Developers who fail to migrate their applications, including tab applications, to OAuth 2.0 and HTTPS protocols will result in users not being able to view or use the applications.
Both OAuth 2.0 and HTTPS are security protocols. HTTPS uses a Secure Socket Layer (SSL) or Transport Layer Security (TLS) as sublayer under regular HTTP application layering and protects against eavesdropping and man-in-the-middle attacks. Meanwhile, OAuth enables users to grant third-party access to their web resources without sharing their passwords.
Ryan Lim, business director at Blugrapes, said this move will make Facebook a more secure space, and prepare the platform for F-commerce (Facebook commerce). It will also ensure the data privacy of Facebook users, he said.
“The impact of the 1 October migration would be that Facebook applications which do not comply with HTTPS will be placed on sandbox mode and will no longer appear visible to users. Potentially disrupting some campaigns,” he told Campaign.
As of midday on September 30, there were still a number of Facebook pages with incompliant applications.
In May, Facebook announced that all apps on Facebook would need to support OAuth 2.0 and HTTPS, and that the upgrades would need to be completed by 1 October.
All apps, including page tab apps, must migrate to OAuth 2.0 for authentication, while the old SDKs, including the old JavaScript SDK (FeatureLoader.js) and old iOS SDK (facebook-iphone-sdk), will no longer work.

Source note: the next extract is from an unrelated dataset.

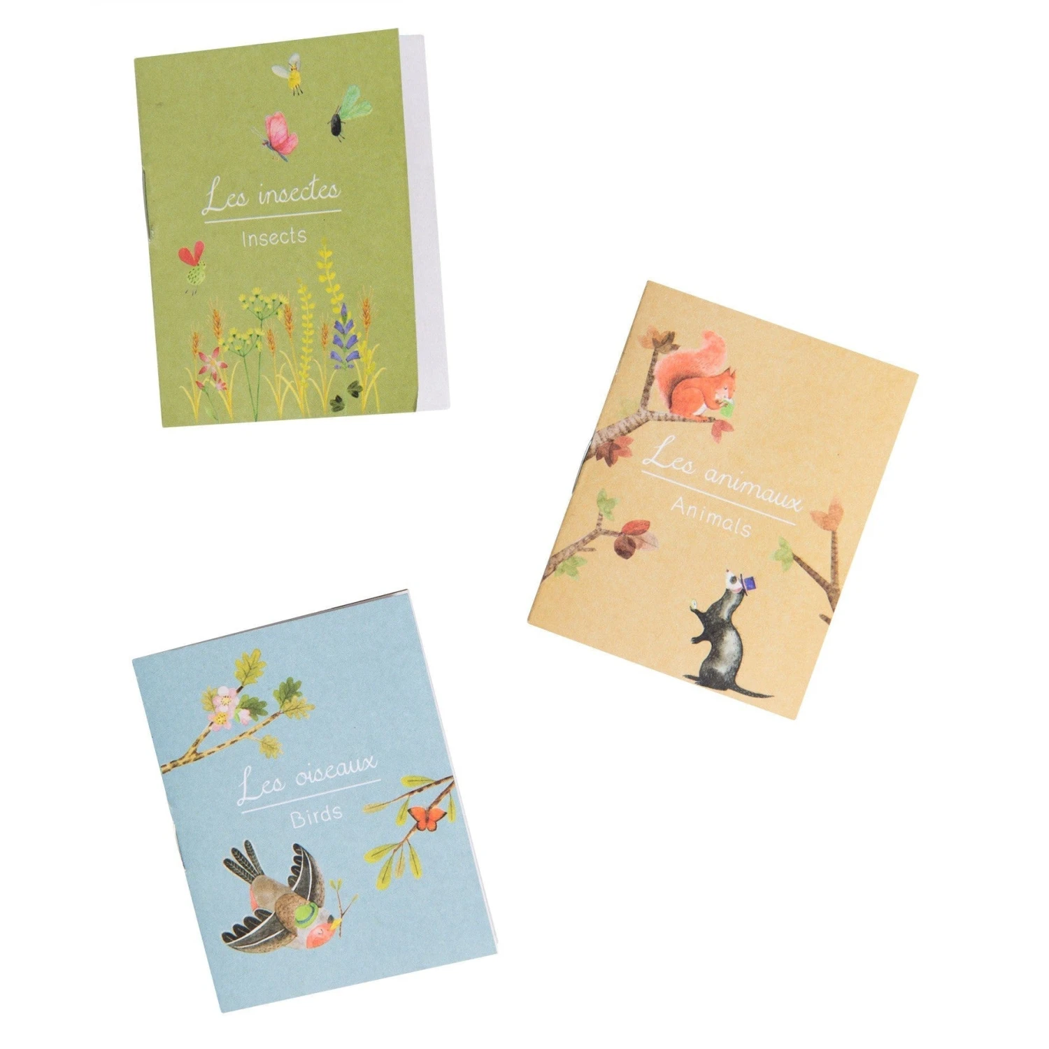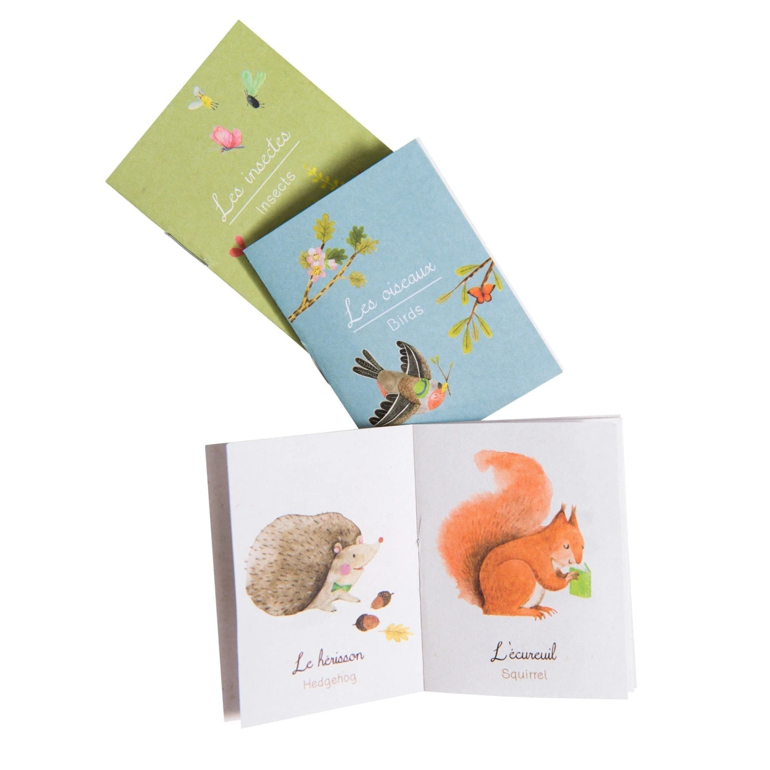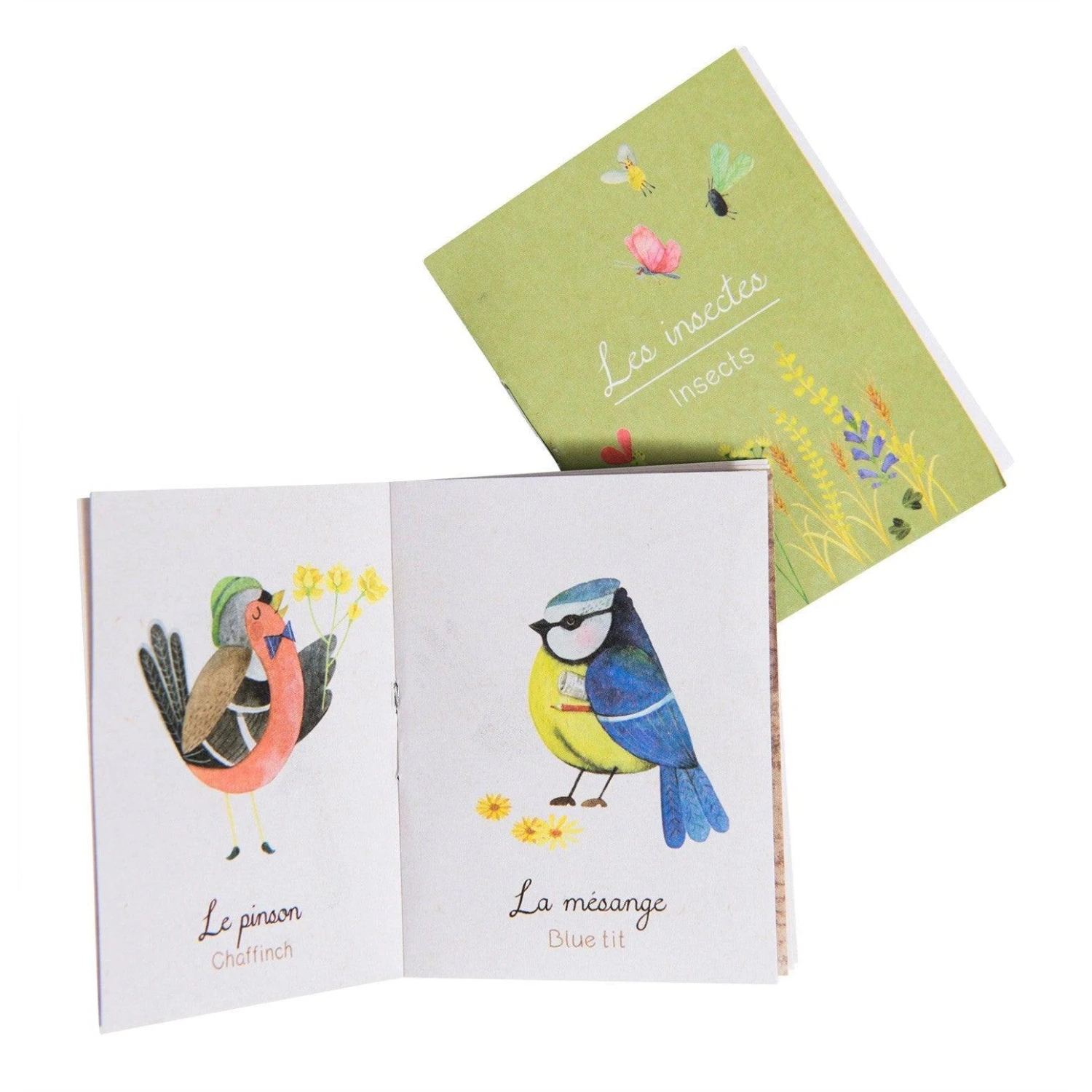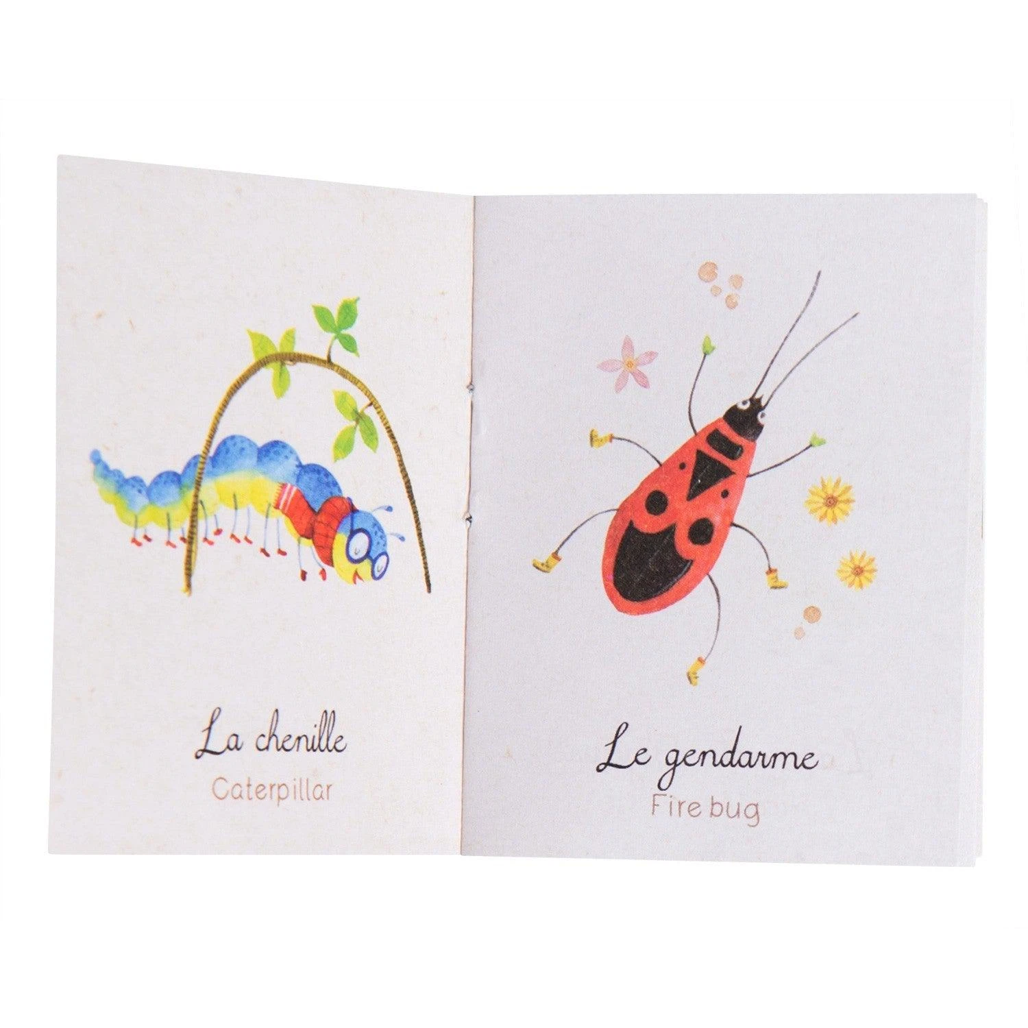 This wonderful world of the infinitely small brings to life fun little animals or insects, each telling their own story: a centipede with its scarf, a cricket in a bowler hat, a swallow with a little neckerchief, a ladybird with a shopping basket, a very affectionate hedgehog play companion… Discover all the treasures of nature through children’s eyes !

In addition, iframe Canvas and Page Tab apps must support HTTPS and provide a secure canvas or secure page tab URL.
Liam McCance, business development director at Vocanic, noted that this move would allow users to feel more comfortable and protected when transacting on Facebook.
“There is a pop-up window to remind developers to change to a secured browsing system and the question is whether they have taken the security search,” he added.